Universal property of one-point-compactification

Question

In this question, we define locally compact to be Hausdorff and every point has a compact neighbourhood. Similarly, we define compact to be Hausdorff and every open cover has a finite subcover.

Then we have the following universal property:

Let $X$ be a locally compact space, and let $i \colon X \hookrightarrow Y$ be a one-point-compactification, i.e. $i$ is a continuous embedding and $Y = X \cup \{\infty\}$ is compact. Given any continuous map $f \colon X \to Z$ into a compact space $Z$ and a special point $z_0 \in Z$ with the property that $f^{-1}(K) \subseteq X$ is compact for every compact $K \subseteq Z$ with $z_0 \notin K$, there exists a unique continuous lift $\bar{f} \colon Y \to Z$ of $f$.

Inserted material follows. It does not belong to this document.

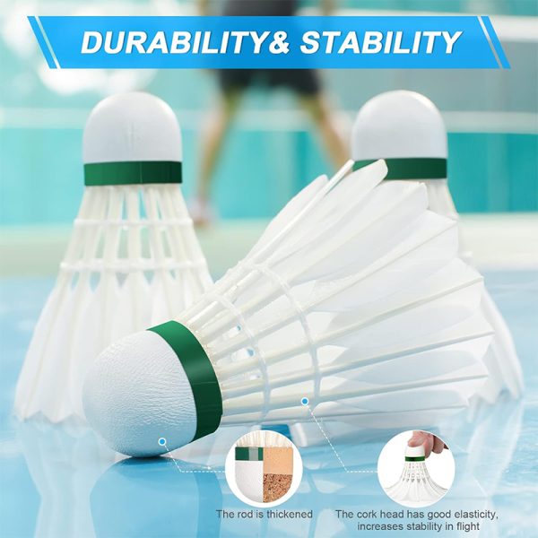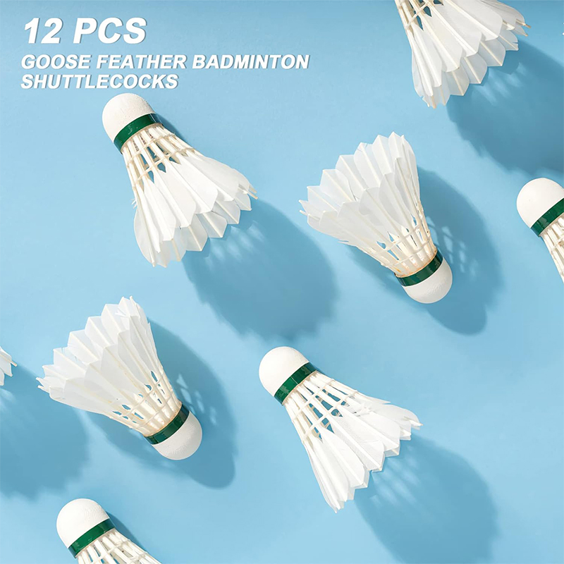 Goose Feather Badminton Shuttlecocks Birdies, 12 Pack Hight Speed Training Badminton Balls with Great Stability for Indoor Outdoor

I know that extending $f$ through $\bar{f}(\infty) = z_0$ is such a lift, I fail to show uniqueness, i.e. what happens if $\bar{f}(\infty) \ne z_0$.

Some facts I know:

• Finite subsets of Hausdorff spaces are closed.
• Closed subsets of compact spaces are compact.
• Compact subsets of Hausdorff spaces are closed.
• Continuous maps between Hausdorff spaces map compact sets to compact sets.

Answer 1

As stated, this is not correct. It also makes stronger assumptions than it needs to.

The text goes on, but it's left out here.